My original comment still stands. I believe one reduces moves on the basis of the move, not the position. It is not uncommon for a CUT node to become an ALL node, and vice-versa. If you make decisions on the expected node type, you introduce yet another instability since you would do things differently depending on whether it is really a CUT node or an ALL node..
The problem I saw when doing this in DTS is that once you fail to fail-high on the first move of a CUT node, EVERYTHING along the path is now "in doubt". Every node type could be flipping as you find a new best move, or you find the best move is worse than the aspiration bound.
I won't repeat it in full here but basically we estimate which node type it will be BEFORE it is even searched and we stick with that definition. And our definition has the merits of being much easier to reason about.
The classical definition is useless for a chess program if you actually intend to do anything useful with it.
Also, you don't know a node is a "CUT" node until you get a beta cutoff...
You can guess. You can also flip a coin I suppose??
If you are at a cut node the previous node was an all node. At all nodes you expect all moves to fail low and at cut nodes you expect the first move to fail high and exit. The insight is in this: what happens if a cut node does produce a cutoff? The answer is that the previous move (which is at an ALL node) will fail high and get researched. The re-search saves the day! If the heavy reduction at the cut node causes the search to FAIL to produce the expected cutoff (and it would have otherwise), there is NO damage done because of this.
There is no free lunch however. The more aggressive cut node reductions should save time, but that may not necessarily happen. Because it can trigger additional re-searches at the previous node it can actually cause the search to take MORE time. But strangely enough we have seen a slight quality improvement, probably due to these additional re-searches which with LMR will be done at greater depths (because these won't be reduced.)
The way you categorize cut and all nodes could change all of this however. We have a very anal definition because in reality you cannot know until a search is complete, so we decide BEFORE the first move is searched. It cannot change because it always toggles back and forth. If the previous node was a cut node, we consider this an ALL node. The only exception is for PV nodes which are a special case of ALL nodes.

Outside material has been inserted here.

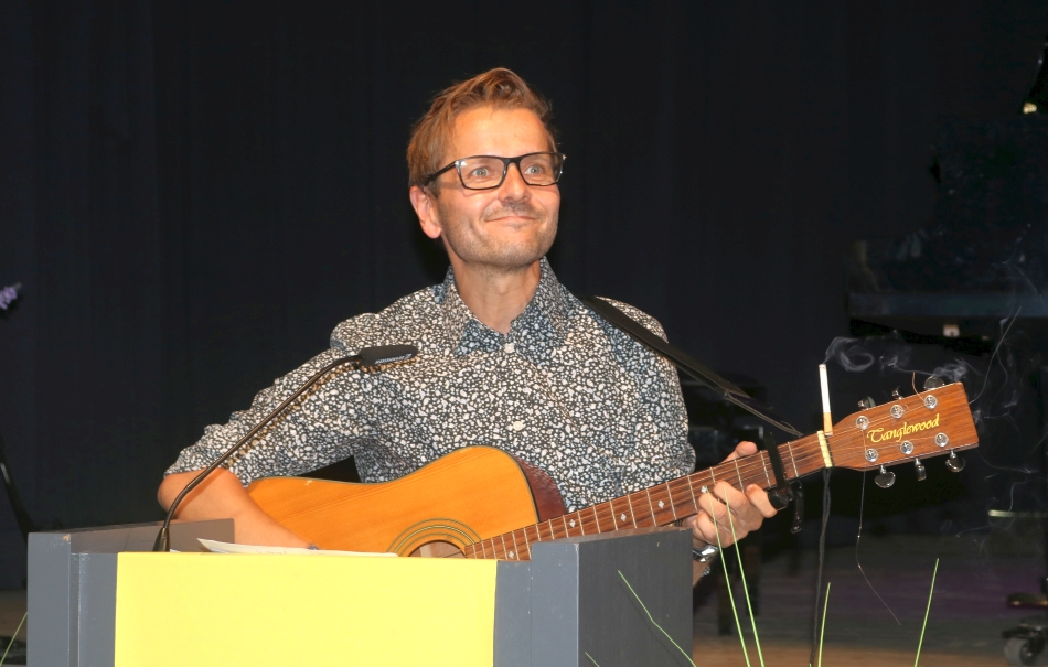 Auch Schulseelsorger Steffen Reich wird nach zehn Jahren die Heimschule verlassen, um die Aufgabe als Krankenhausseelsorger in Elzach zu übernehmen. Zum Abschied wurde noch einmal deutlich, wie stark Steffen Reich es verstand, das Amt des Schulseelsorgers persönlich so auszufüllen, dass er für alle Mitglieder der Schulgemeinschaft ein wichtiges Gesicht des religiösen Lebens an der Schule geworden ist. Nicola Heckner beschrieb ihn mit seiner offenen, positiven und begeisternden Art als einen verlässlichen Begleiter des Schullebens – und vor allem der Internatsgemeinschaft. Matthias Küchle hob für die Fachschaft Religion heraus, wie es Steffen Reich immer wieder gelungen sei, in Gottesdiensten und in persönlichen Gesprächen verständlich, lebensnah und einladend vom Glauben zu sprechen. Steffen Reich selbst verabschiedete sich mit Gitarre und einem selbstgeschriebenen Lied und erhielt – sicherlich nicht nur dafür – standing ovations.

In the PVS framework, the first zero width window searched from a PV node is by our definition a CUT node and if you have to do a re-search then it is suddenly promoted to a PV nodes (as per PVS search) and only then can the cut and all nodes swap positions. In other words, these internal search failures can force the status of every node in the subtree to swap if it propagates back to the last PV nodes.
it sounds more complicated than it is, but the definition is simple, if you are an odd distance from the last PV node it's a cut node, otherwise it's an all node.

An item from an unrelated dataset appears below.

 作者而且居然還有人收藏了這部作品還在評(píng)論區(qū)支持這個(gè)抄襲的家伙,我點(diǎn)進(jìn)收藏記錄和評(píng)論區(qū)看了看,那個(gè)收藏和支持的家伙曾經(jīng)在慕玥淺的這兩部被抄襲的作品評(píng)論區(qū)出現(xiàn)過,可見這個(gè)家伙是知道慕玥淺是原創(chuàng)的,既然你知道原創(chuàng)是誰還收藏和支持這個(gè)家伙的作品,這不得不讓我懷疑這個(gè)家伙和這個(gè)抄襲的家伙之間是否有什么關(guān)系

Anyway i set expected CUT nodes to ALL after few moves are searched and no cut-offs occur so most will be ALL nodes anyway. The other test i did was to reduce loosing captures by a much lower value (1 ply), while other moves could be reduced as much as 6 ply. That seemed to improve scorpio a bit so i have that enabled by default now. I suspect that captures,checks and others moves that are not reduced form the sole of an LMR heavy engine so tampering with those even with small reduction values may be damaging.
Also i did some test with aggressive pruning but this is a loss as always. Move count pruning never worked for me above depth=2, and it probably never will. I am better off reducing increasing lmr reduction in the upper part of the tree by one more ply than worry about pruning in the last plies.
I ended up doing this twice.
Once going down the tree, then again going back up the tree, so that the current CUT node is no longer considered CUT (since we didn't fail on the first move) and the previous ALL node is is now likely a CUT node since we are not failing high, and a fail-low here turns into a fail-high one ply back.
It was complicated, and had a lot of error associated with it.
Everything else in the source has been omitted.